Het nieuwe model NucleusDiff, ontwikkeld door een team onder leiding van Anima Anandkumar (Caltech), pakt dit probleem rechtstreeks aan. Het houdt rekening met de minimale afstand die atomen fysisch kunnen hebben, bepaald door hun van der Waals-straling, de effectieve ‘persoonlijke ruimte’ van elk atoom.
Hoe NucleusDiff werkt
NucleusDiff bouwt voort op een zogenoemd denoising diffusion model, een type algoritme dat in meerdere stappen moleculaire structuren opbouwt uit ruis. Waar traditionele modellen elk atoom als een enkel punt behandelen, modelleert NucleusDiff een ‘manifold’ rond elke atoomkern: een driedimensionale bol die de werkelijke fysieke omvang van het atoom benadert.
Door honderdduizenden mesh-punten te plaatsen op deze bollen, controleert het model continu of atomen te dicht bij elkaar komen. Zo voorkomt het botsingen tussen atomen en garandeert het dat gegenereerde moleculen fysisch haalbaar blijven.
De onderzoekers testten hun model op de CrossDocked2020-dataset (met 100.000 eiwit–ligandcomplexen) en op een COVID-19-doeleiwit. In beide gevallen bleek NucleusDiff aanzienlijk beter te presteren dan bestaande AI-systemen zoals TargetDiff en PMDM.
Resultaten: nul botsingen, hogere affiniteit
Volgens de publicatie in Proceedings of the National Academy of Sciences (PNAS) reduceert NucleusDiff het aantal atomaire botsingen met 100 procent en verbetert het de bindingsaffiniteit met gemiddeld 22,16 procent.
Dat betekent dat de virtueel ontworpen moleculen niet alleen natuurkundig kloppen, maar ook sterker aan hun doeleiwitten binden — een cruciale factor bij het ontwerpen van werkzame medicijnen.
In een test gericht op het COVID-19-enzym 3CL-protease, genereerde NucleusDiff liganden die tot 70 procent een hoge affiniteit vertoonden, vergeleken met 50 procent bij eerdere modellen.

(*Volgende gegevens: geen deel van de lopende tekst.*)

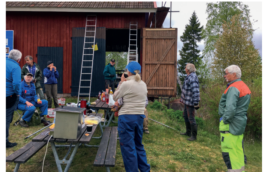
Målning av tröskladan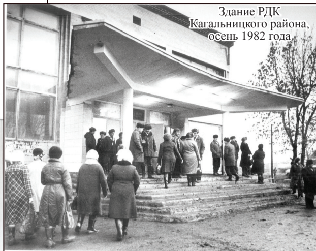
Здание РДК Кагальницкого района, осень 1982 года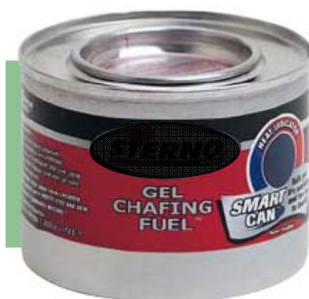
盛载啫喱状燃料的无缝容器 / 炉具样本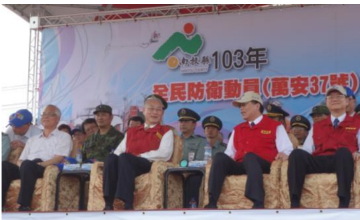
南投縣演習副總統蒞臨

南投縣於 103 年 4 月 22 日辦理 103 年災害防救暨萬安 37 號演習，上午於縣政府大樓進行兵棋推演，下午於名間鄉彰南路與大中路口舉行實作演練，演習由南投代理縣長陳志清擔任指揮官，副總統吳敦義親臨視察，內政部部长陳威仁及國防部副部長李翔宙、經濟部政務次長杜紫軍、交通部常務次長吳盟分、衛生福利部政務次長曾中明、行政院環境保護署副署長張子敬及行政院農業委員會副主任委員陳文德等陪同，由帶隊官陸軍常務次長趙中將克達會同，本院災害防救辦公室代理主任周國祥率各部會評核人員共同出席。演練情境想定彰化斷層發生芮氏規模 6.9 地震，震央位於南投縣中寮鄉，全縣 13 鄉鎮市均傳出災情，以名間鄉災情最為慘重，演練震後引發土石崩塌及火災、瓦斯及自來水幹管破裂、電信及道路橋梁中斷等災情處置。此次演習縣府共動員 800 人次、各式救災車輛機具 165 車次、飛行器 4 架次，並邀請周邊地區民眾 800 餘人到場觀摩。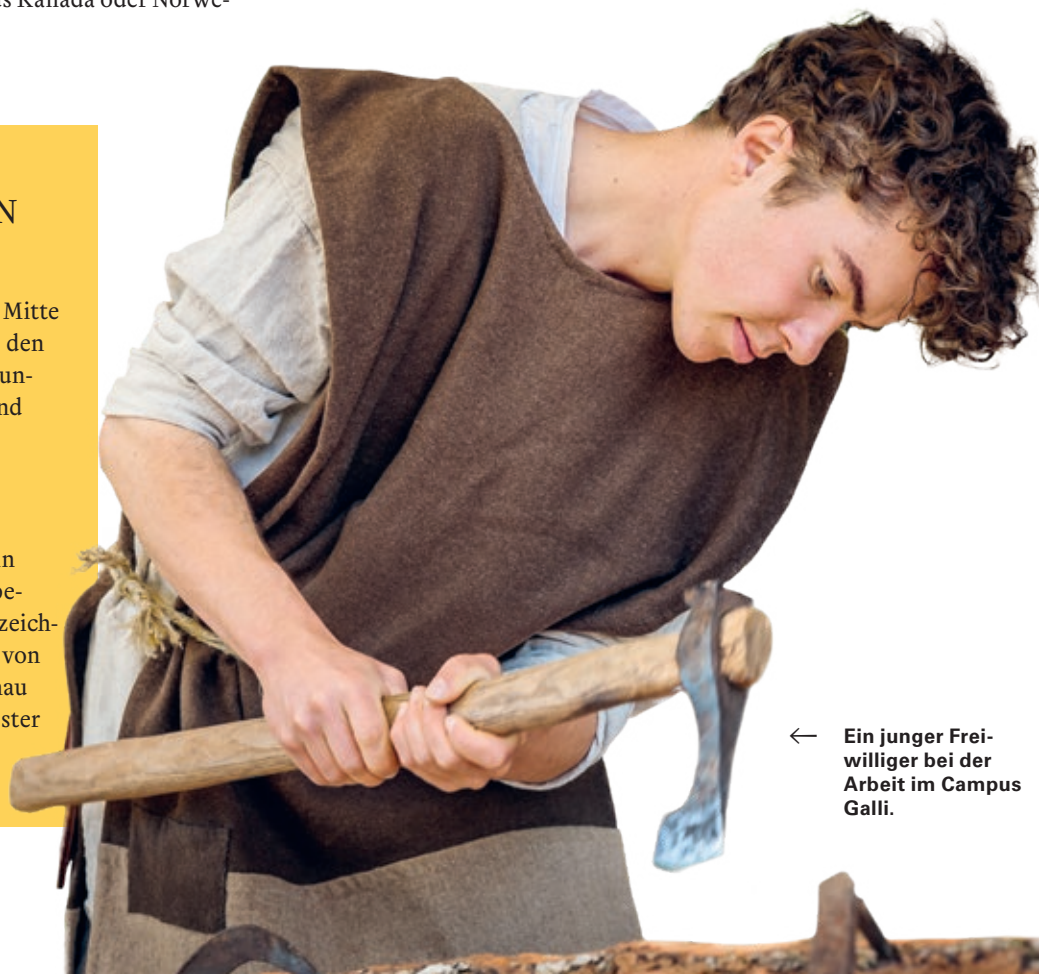
← Ein junger Freiwilliger bei der Arbeit im Campus Galli.

Der St. Galler Klosterplan gilt als einzigartig, kein anderer Bauplan ist aus dem frühen Mittelalter bekannt. Er ist die älteste überlieferte Architekturzeichnung Mitteleuropas. Gezeichnet wurde der Plan von Mönchen vor dem Jahr 830 auf der Insel Reichenau im Bodensee. Er wurde ursprünglich für das Kloster St. Gallen geschaffen, in dessen Stiftsbibliothek er bis heute liegt.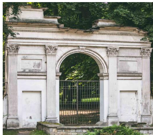
Fig. 12. A romantic ruin in the form of the Arch of Titus in the Izabela Czartoryska Park in Puławy.

Ryc. 11. Rzymska Ruina w ogrodach Pałacu Schönbrunn w Wiedniu.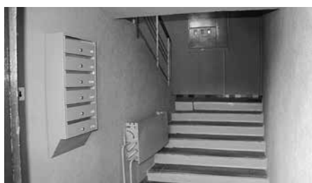
▲ „Kaimiņienes apvienojas” – projekts „Jumts virs galvas”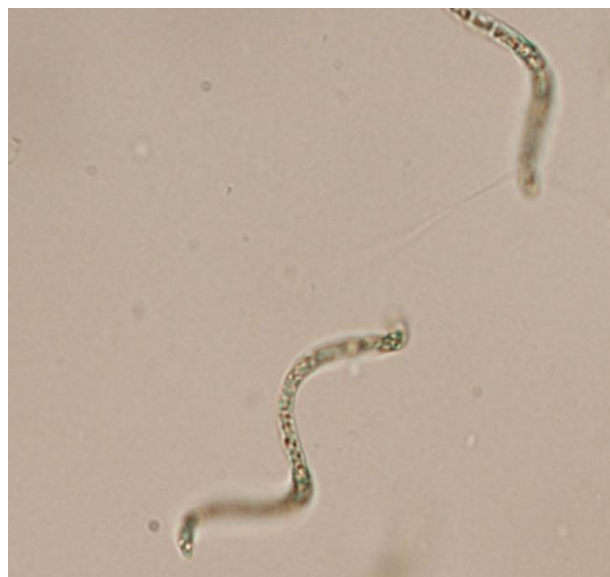
Slika 2b. Morfološki oblik vrste C. raciborskii - savijeni trihom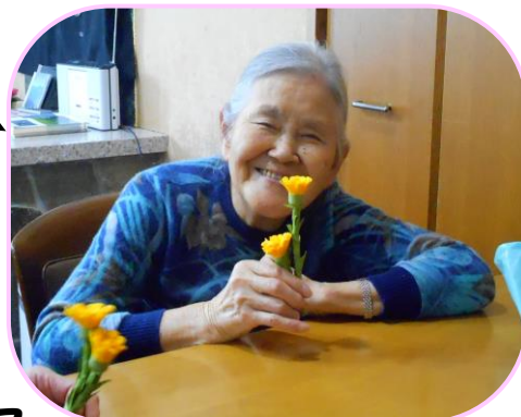
ペーパーフラワー で福寿草が可愛く 咲きました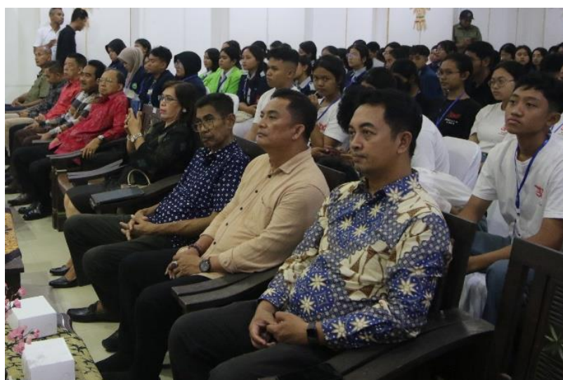
Gambar 4. Tim Kolaborasi dalam Pendampingan

Kolaborasi tersebut memberikan motivasi eksternal yang sangat besar bagi para siswa. Kehadiran narasumber dari praktisi media profesional membuat siswa merasa bahwa apa yang mereka pelajari memiliki relevansi langsung dengan standar industri media saat ini. Mereka tidak lagi melihat penulisan sebagai tugas sekolah semata, melainkan sebagai alat untuk berekspresi secara terhormat di ruang publik. Kegiatan sosialisasi yang dilaksanakan hingga menuju kompetisi jurnalistik pelajar tahun 2026 menjadi titik balik penting dalam proses pembelajaran ini, karena memberikan target nyata bagi siswa untuk menguji sejauh mana kemampuan mereka.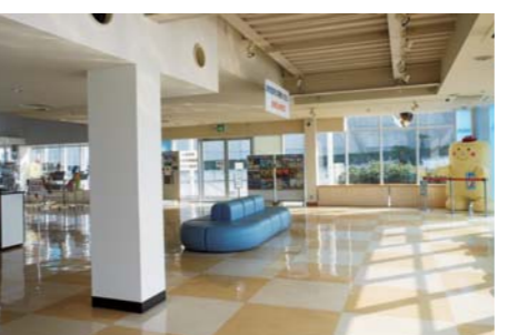
▲「くつろぎのスペース(無料休憩コーナー)」では、明石海峡大橋を眺めながらゆっくりと過ごせますよ!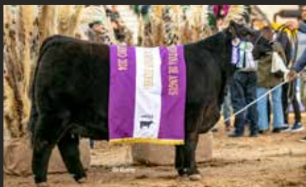
PASION, su hija Res. Gran Campeón Hembra Palermo 24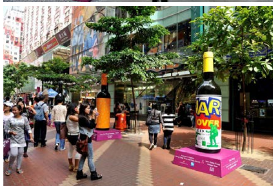
酒瓶藝術裝置的相片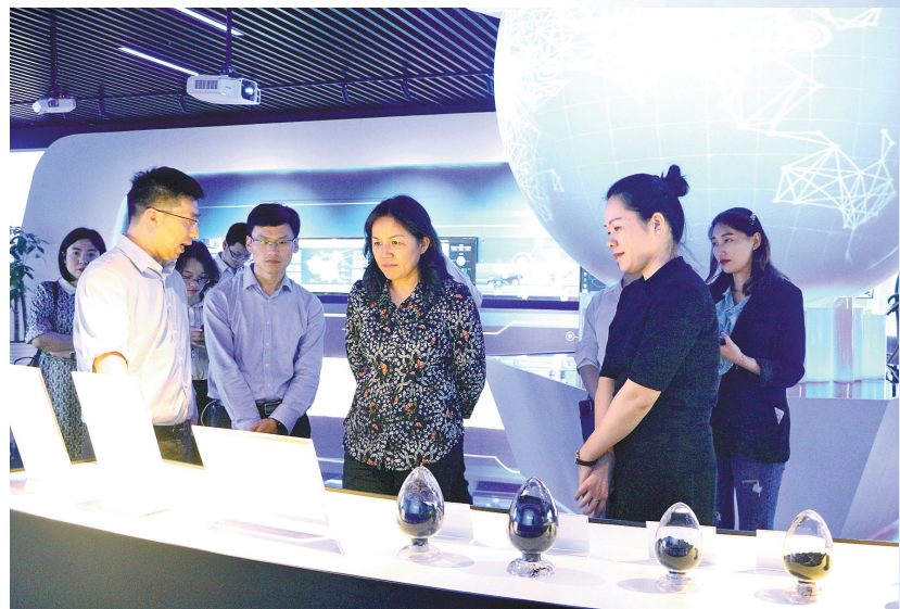
分行领导带队，深入企业调研金融服务需求。

提高民营企业的获得感。截至2019年4月末，中国进出口银行宁波分行民营企业贷款余额151.68亿元，占全行表内贷款余额的40.40%，民营企业客户数占全部客户数的44.54%。支持了雅戈尔集团股份有限公司、宁波杉杉股份有限公司、奥克斯集团有限公司等一批优秀民营企业参与国际竞争，加快产业布局，牢牢站稳国内国外两个市场。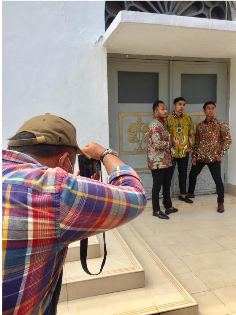
Gambar 2.9.7. Proses photoshoot promosi edisi Ramadhan dan Idul Fitri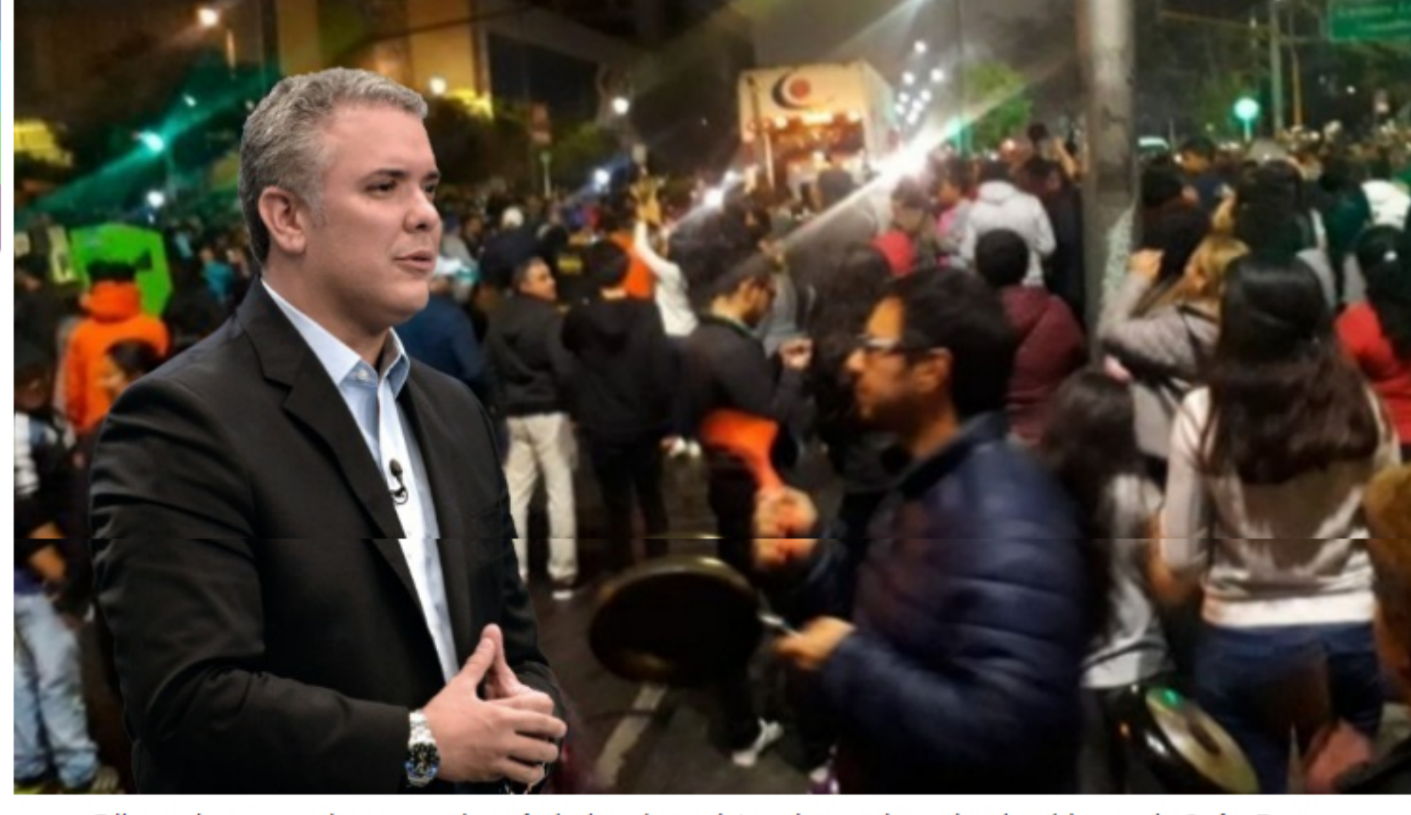
Dilan y los cacerolazos son los símbolos de resistencia y exigencia al gobierno de Iván Duque

Este es un espacio de expresión libre e independiente que refleja exclusivamente los puntos de vista de los autores y no compromete el pensamiento ni la opinión de Las2Orillas.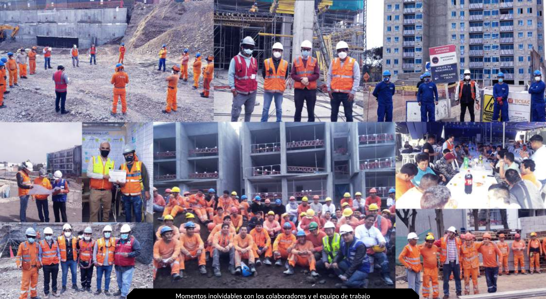
Momentos inolvidables con los colaboradores y el equipo de trabajo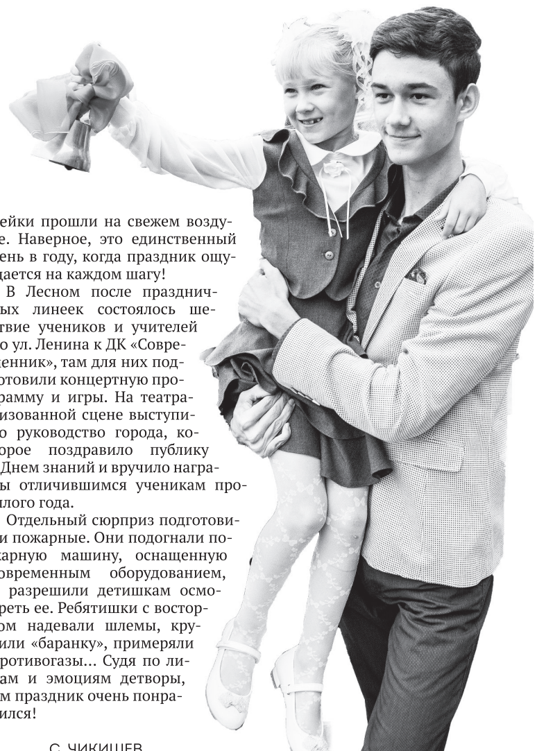
Долгожданный звонок на урок!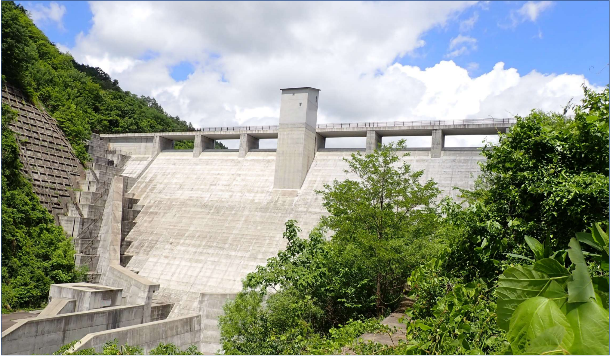
浅川ダム of 四季 (深緑の浅川ダム)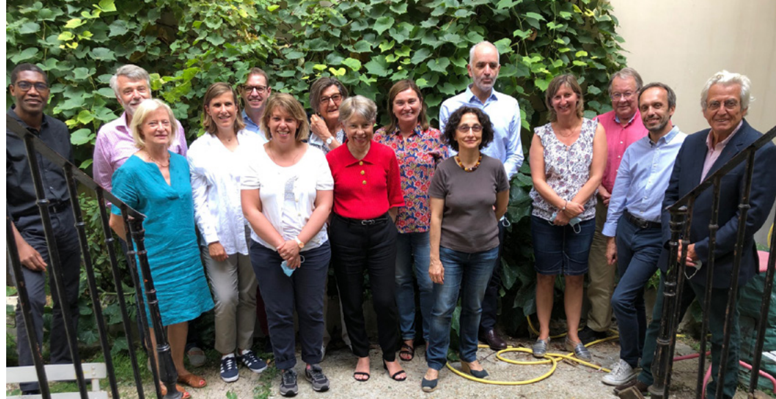
Les membres du conseil presbytéral

L'Église est une organisation humaine de chrétiens se réunissant pour vivre ensemble leur foi et pour se donner les moyens d'avoir une aide dans leur propre recherche. L'Église a également pour mission le secours aux plus démunis sur le plan matériel et spirituel. Elle est organisée démocratiquement, avec un système de délégués élus à des conseils et des synodes.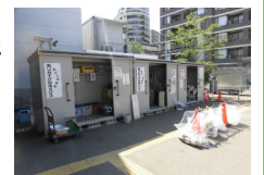
資源物回収ボックス (中央体育館)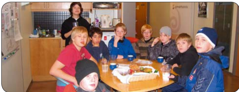
Drengir í 8. bekk í Lundarskóla heimsækja Jafnréttisstofu.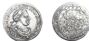
8 (inv. 3813)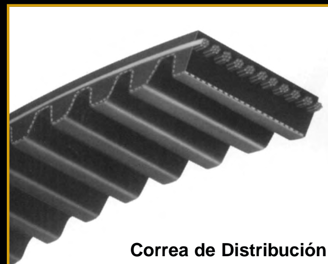
Correa de Distribución

Las cuerdas sintéticas de la fuerza estables, de alta resistencia resisten al encogerse y el estirar.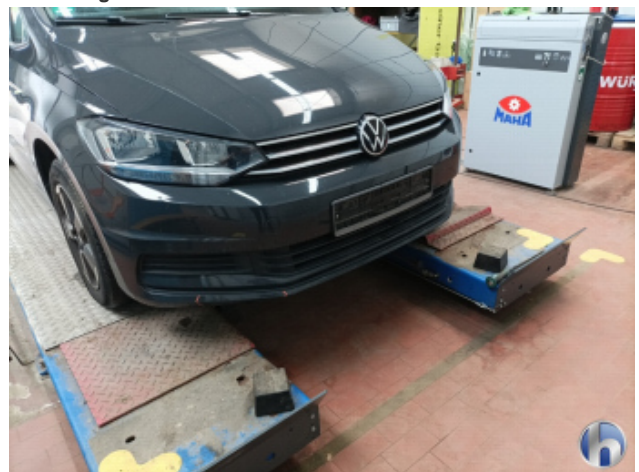
1. Frontspoiler Beschädigt - Erneuern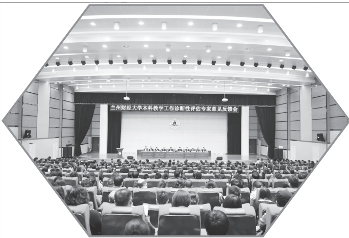
本科教学工作诊断性评估专家意见反馈会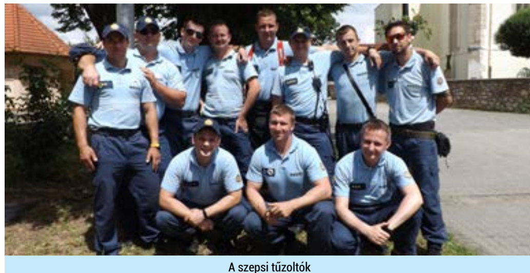
A szepsi tűzoltók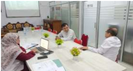
Gambar 5. FGD Persiapan Pengabdian

pertama untuk memastikan peserta memahami arah pembicaraan adalah mendefinisikan tema dan tujuan FGD dengan jelas (O.Nyumba et al., 2018). Peneliti kemudian merumuskan serangkaian pertanyaan untuk membantu fasilitator menemukan informasi yang relevan (Akyildiz & Ahmed, 2021). Langkah penting lainnya dalam proses seleksi peserta adalah memastikan peserta yang diundang memiliki pengalaman yang relevan atau terkait langsung dengan isu yang sedang di bahas (Zacharia et al., 2021). Aspek teknis, termasuk menyiapkan tempat yang sesuai, menyediakan sumber daya dokumentasi, dan memilih waktu yang tepat untuk semua orang, juga harus dipertimbangkan dengan cermat. FGD yang sukses menghasilkan data berkualitas tinggi serta terfokus dan interaktif.

Praktische implicaties voor biotech en longevity
De vooruitgang in structure-based drug design is relevant voor de volledige biotech- en longevity-sector. Door fysisch consistente moleculen te ontwerpen, kunnen onderzoekers sneller kandidaat-geneesmiddelen vinden die stabiel en effectief zijn.
NucleusDiff laat bovendien zien dat AI en natuurkunde elkaar kunnen versterken. Door natuurkundige principes — zoals minimale atoomafstanden en krachtvelden — direct in machine learning-modellen te integreren, ontstaat een nieuw tijdperk van ‘fysisch geïnformeerde AI’.
Dat maakt de techniek toepasbaar voor tal van andere domeinen, waaronder eiwitvouwen, materiaalwetenschap en zelfs nanotechnologie.
Grenzen en toekomst
Hoewel NucleusDiff indrukwekkende resultaten behaalt, erkennen de onderzoekers dat het model nog beperkingen heeft. Zo wordt momenteel alleen het ligand (het kleine molecuul) gemodelleerd, niet de volledige geometrie van het eiwit waarin het bindt.
De volgende stap is om ook de eiwitmanifold te integreren, zodat de interactie tussen beide componenten nog realistischer kan worden gesimuleerd. Daarnaast vergt het trainen van het model grote rekenkracht — de huidige versie gebruikte acht NVIDIA V100 GPU’s en 48 uur trainingstijd.
De code van NucleusDiff is openbaar beschikbaar via GitHub, zodat andere onderzoekers het model kunnen valideren en verder ontwikkelen.
Hier kun je meer informatie vinden.
Conclusie
Met NucleusDiff zetten wetenschappers een grote stap richting AI-gedreven medicijnontwerp dat fysisch correct én biologisch relevant is. Door natuurkundige realiteit te verankeren in het neurale netwerk, verdwijnen foutieve moleculen uit de output, terwijl de bruikbaarheid voor echte geneesmiddelen toeneemt.
Als de resultaten zich in de praktijk bevestigen, zou NucleusDiff de weg kunnen vrijmaken voor snellere, goedkopere en betrouwbaardere geneesmiddelenontwikkeling — een belangrijke doorbraak voor de biotechnologie en de strijd tegen ziekten als COVID-19, kanker en Alzheimer.